欣嫔有孕后不久,宫城里便有另外一个嫔妃也诊出了喜脉。

媛嫔赵媛,一个比欣嫔还要不起眼的宫妃,住在东北角的宫殿里,若不是那一次怀孕,几乎都要被人遗忘在这深深的宫禁之中。

那时候王德兴王公公曾说过一句话。说是这人的运气来了便是怎么都挡不住的,媛嫔不过是圣上有回随意翻牌子翻到了,便一举留下了血脉,从一个默默无闻的小嫔妃,变成了后宫里的红人。

只是这媛嫔的运气来得快去得也快。

欣嫔纪欣顺利产下三皇子林诺,而媛嫔却未足五月就生病小产,太医诊脉说日后再难有子嗣,几个月间就从云间跌进了泥土里。

宫人们惯是喜欢看热闹的,便有人私底下说,媛嫔这是命里没有四皇子,到底还是欣嫔更胜一筹。

如今三皇子林诺都满周岁了,那事过去了一年有余,媛嫔也渐渐淡出了人们的视野,却不想,这回金鳞卫审案,那两个疑似犯案的宫女竟是把她给供出来了。

沐芳宫里,景福恭敬地行了一礼:“贤妃娘娘万福,小的奉圣上命请娘娘往镌文阁去听审。圣上有谕,此案牵涉后宫,诸位娘娘理应知晓,还请娘娘速速动身,莫要耽搁。”

贤妃司空瑛自然认得这是王德兴那个徒弟。

她是今晨临近天亮才回宫的,回来又听自己儿子林谦说了一番奉贤殿外的事情,才不过睡了一个多时辰就又被叫起来。

她自然不怀疑金鳞卫的能力,也不怀疑圣上的手段,只是景福来得这样着急,又说是此案牵涉后宫,再联想到昨日乐阳公主就被关进了奉贤殿,贤妃心里不免有了一种不好的预感。

先皇后在世时,她与先皇后交好,自先皇后去世,她也自认,作为好友,自己理应照顾姐妹留下的孩子。

乐阳乖巧懂事,是她看着长大的,如今眼瞧着要牵扯进谋害皇嗣的大案里,贤妃怎能不急?

她朝身边的宫婢使了个眼色,那宫女是贤妃身边的老人了,立时走上前,借着身子遮掩,往景福怀中塞了一锭银子。

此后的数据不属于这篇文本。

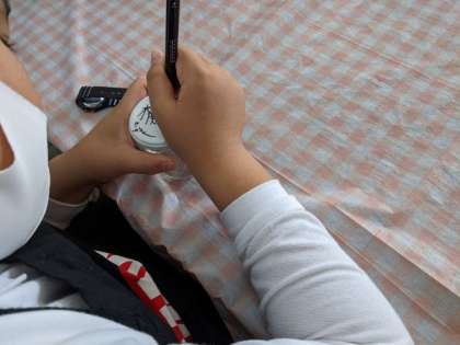 ジャムを煮詰めている間、自分のびんに模様をかいています。
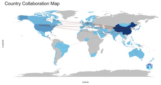 China emerges as the most active country in terms of collaborations, a fact previously mentioned in Section 4.1, where it was observed that a substantial number of the highest document-producing affiliations were Chinese. Notably, China’s primary collaborations involve Hong Kong and the USA, with 38 and 34 collaborations, respectively. However, when considering collaborations with other countries such as Canada, the UK, Germany, Australia, and Japan, the number ranges from 10 to 22 collaborations. For the USA, the highest number of collaborations is with Germany, with a total of 9 joint projects.
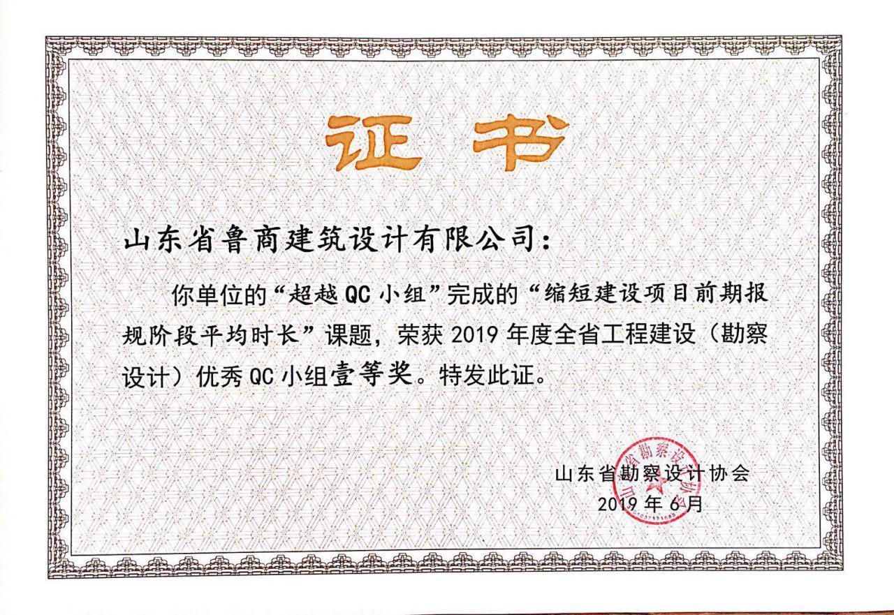 近日,由山东省勘察设计协会组织的2019年度山东省工程建设(勘察设计)优秀QC小组(质量管理小组)评选结果揭晓。经过专家评审,山东省鲁商设计有限公司超越QC小组申报的《缩短建设项目前期报规阶段平均时长》QC成果在324个申报成果中脱颖而出,获得2019年度山东省工程建设(勘察设计)优秀QC小组一等奖。
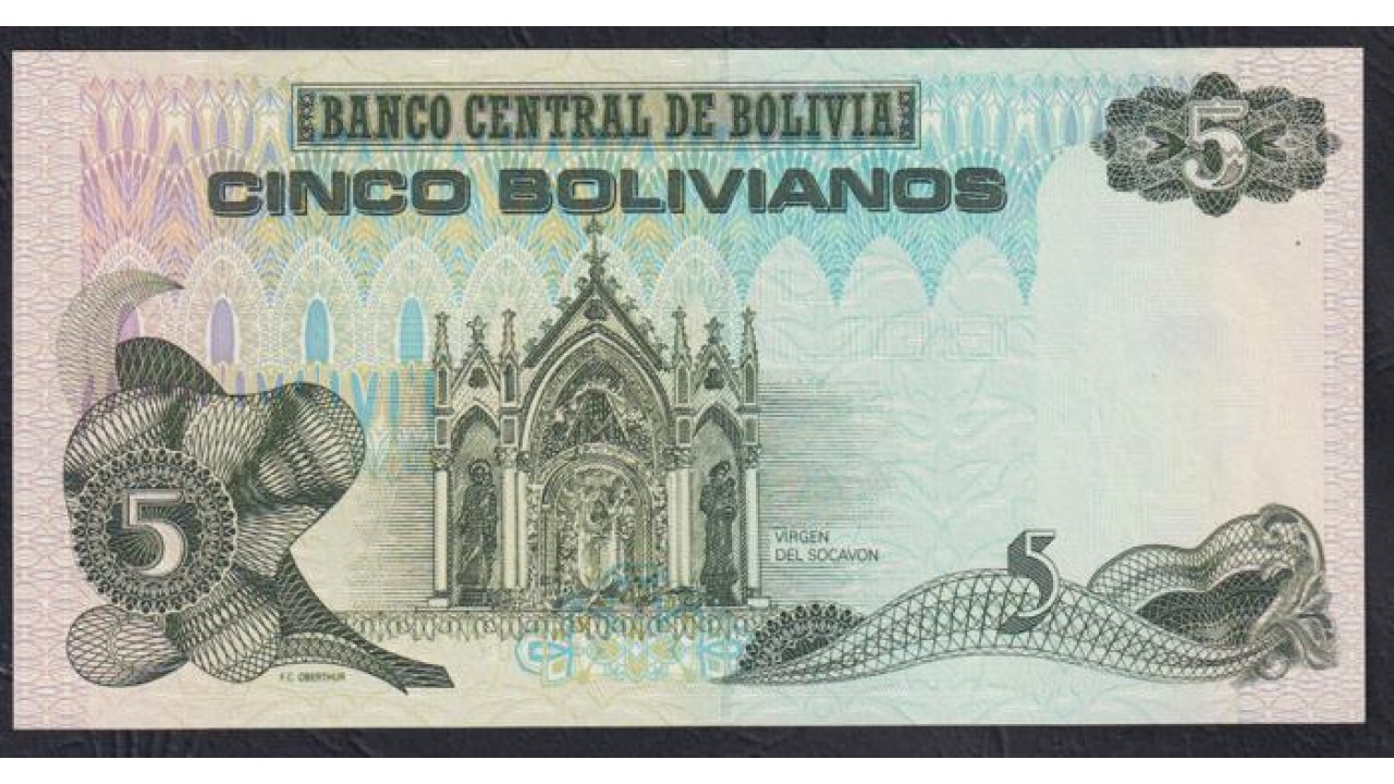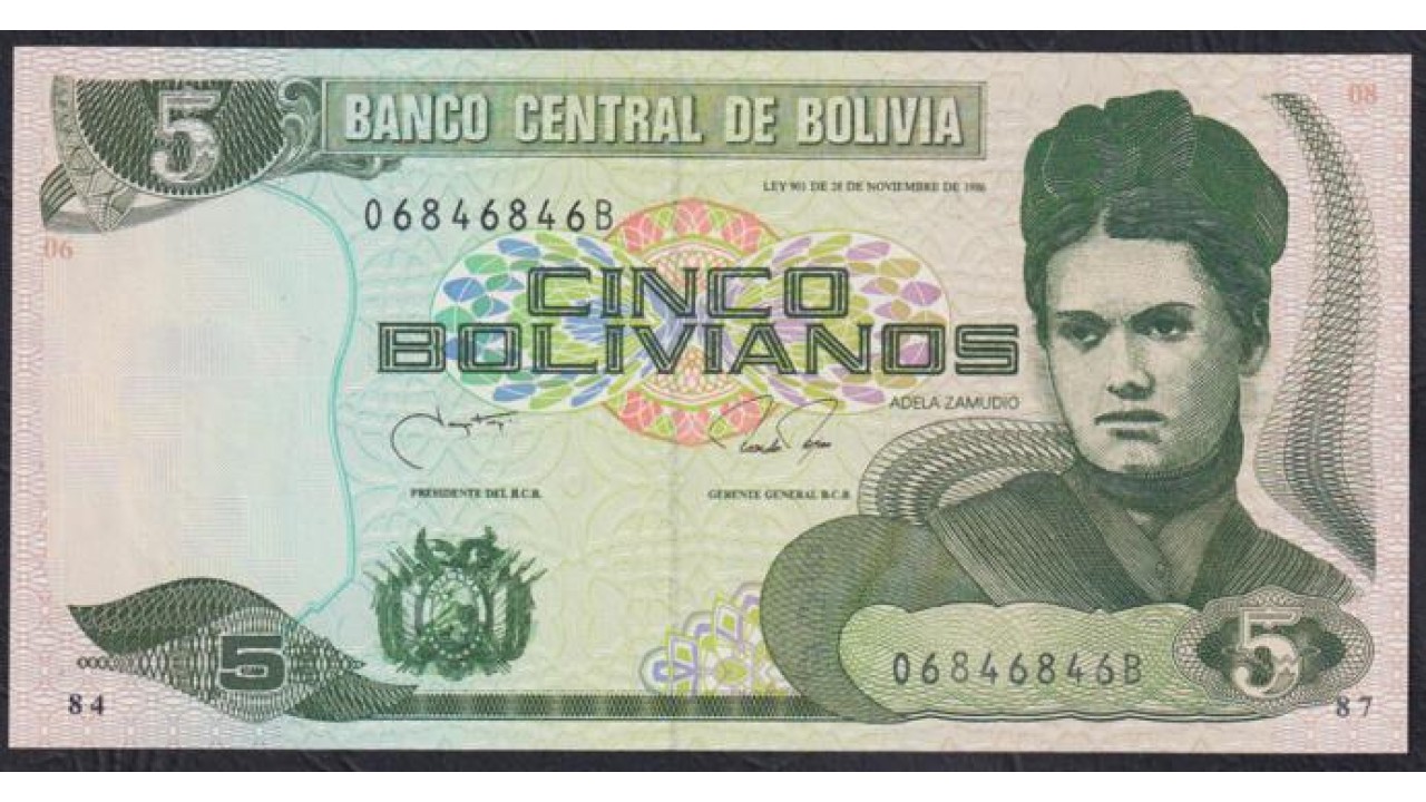 Боливия 5 боливиано 1986 года, Cерия B 06846846, Прикольный номер, РЕДКИЕ (BOLIVIA 5 bolivianos 1986) P 203b: UNC
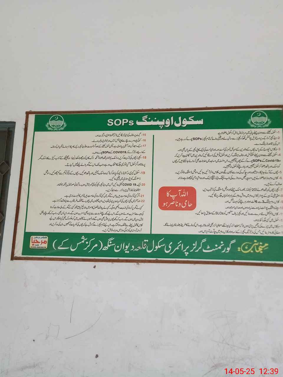 | EMIS Code: 39310541 | Name of School: GGPS QILA DEEWAN SINGH | |||
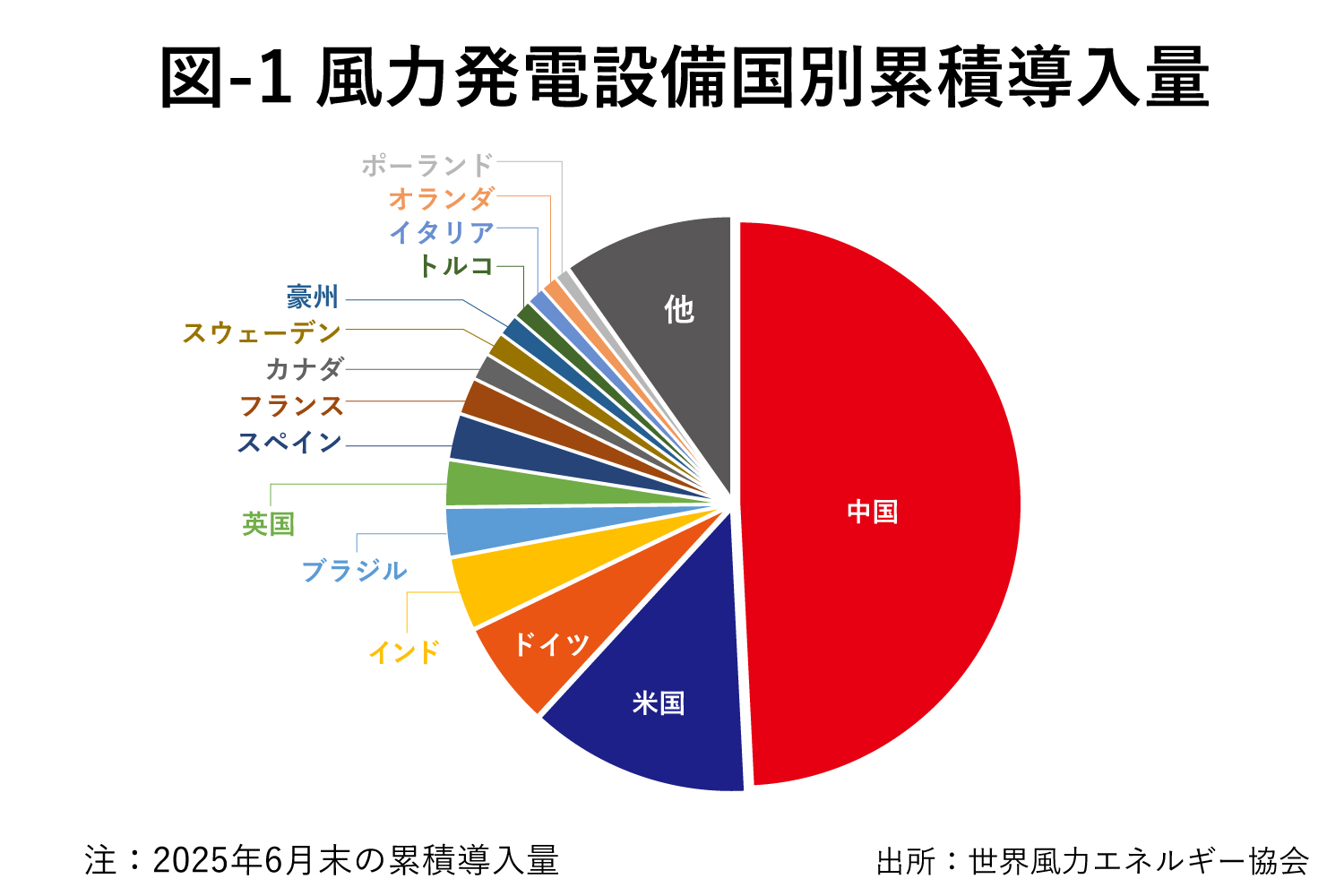 25年6月末現在、世界には12億4500万キロワット(kW)の陸上、洋上の風力発電設備が導入されている。そのほぼ半分は中国にある。
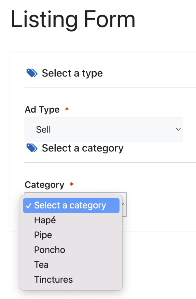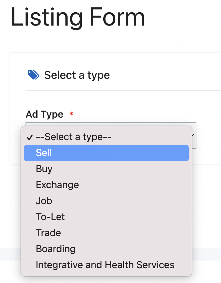1) Choose a Listing Type:
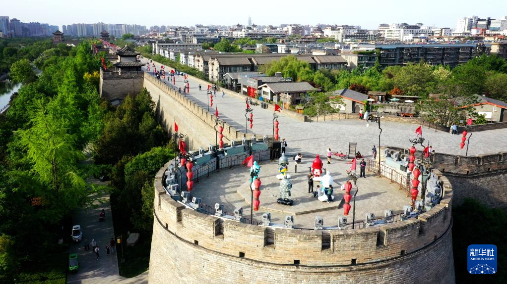 游客在西安城墙参观游览(4月30日摄,无人机照片)。
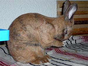 Cara ist ungefähr Anfang 2007 geboren und kam mit ihren Babys in unsere Obhut. Die kleine Häin ist sehr zart und wiegt 1,4 kg. Cara ist ein absolutes Traumkanichen, stubenrein, sehr verschmust und hört auf ihren Namen. Nachdem ihre Viererbande so langsam flügge wurde, war auch für Cara die Zeit gekommen, sich nach einem neuen Zuhause umzusehen. Dieses ließ auch nicht lange auf sich warten und Cara konnte in ein liebevolles Zuhause vermittelt werden. Rammlerchen Flocke wurde von der selbstbewussten Kaninchendame zur Begrüßung ordentlich durchgerammelt, danach wurde gekuschelt. Einzig die Mietzekatzen im neuen Zuhause haben Cara anfangs irritiert, kannte sie doch solche Stubentiger noch nicht. Aber nach wenigen Tagen hat sich Cara nun auch an diese Mitbewohner gewöhnt und hat das Herz ihrer neuen Möhrchenspenderin im Sturm erobert.

“不知圣上命景公公前来,可是昨日的案子审出了什么?”

景福跟在王德兴身边的,年纪虽然还没有多大,但这种事见多了,比许多老宫人还熟练。

那银子也没瞧见是怎么回事就被他收了起来,而后贤妃便听他压低了声音道:“金鳞卫抓住两个可疑的宫女,已经招了,是……”

景福比了一个四,而后便垂首后退了两步,像是方才什么都没说一般,恭敬等着贤妃启程离开了。

贤妃眼中闪过一丝难以置信,下一瞬她又掩饰起自己的情绪,一边命人去请二皇子,一边往殿外走去。

林谦正焦急地等消息呢,听见母妃叫他,一溜烟就来了,可他没想到,听过了母妃的交代,他竟比之前还要更一头雾水。

他是个不着调的富贵闲人,阖宫里嫔妃那么多,他对这个什么媛嫔一点印象都没有。

那镌文阁侧殿睡的是三皇子,身边都是欣嫔的人,林谦乱猜的时候还想,那宫女怎么也得是欣嫔的人才对,没想到竟然冒出个不知道哪来的媛嫔。

可他也分得清轻重缓急。

母妃被召见去镌文阁,定是父皇今日就要审这案子了。

不过一个晚上,金鳞卫就能问出东西来,显然犯案的人是初犯,没有什么胆量,他若不快点,只怕他把消息送出去,父皇那边罪都定下了。

谁也不知道这媛嫔会说出什么来,当务之急,要赶紧把这事告诉目今被怀疑的乐阳妹妹,让她早做准备才是。

奉贤殿里,林悠已用过了午膳。

正要到一天中最热的时候,虽然盛夏还未来临,但暑热的气息已有了先兆。

她打着一柄从书架上寻到的折扇,一边摇一边想,怎么那位许大人走了之后就再没有音信了,不管她到底还有没有嫌疑,总得有点处置的办法才是。

正这么想着呢,北窗户“扣扣”轻响了两声。

林悠一个激灵,打扇子的手停了,直起身子往声音的来处看去。

奉贤殿里她再熟悉不过,这间屋子北窗户是后窗,外头连着回廊,是往读书的学堂去的,这会金鳞卫守着,谁又会从那边过来呢?

却没想到,她正这么猜着呢,窗户突然开了,一个人影还没看清呢就跳了进来。

“嘘……”燕远比着噤声的手势,将那窗户一瞬又严丝合缝地关上,这才两三步走到她面前。

“你如何了?那些人可曾欺负你?”

他眼里满是殷切,好像下一瞬就要拉着她瞧她身上有没有伤了。

林悠瞧见他抬起到一半,又别扭地放下的手,心里莫名好像被什么填满了。

“你怎么来这了?这里都是金鳞卫,你若被发现……”

“放心,他们发现不了我的,我潜入不了养心殿,但这个奉贤殿,还是不在话下的。”

“太危险了。”他一冒险,林悠就想起前世京城失守的时候,一想起来这个,她不免又是鼻子一酸。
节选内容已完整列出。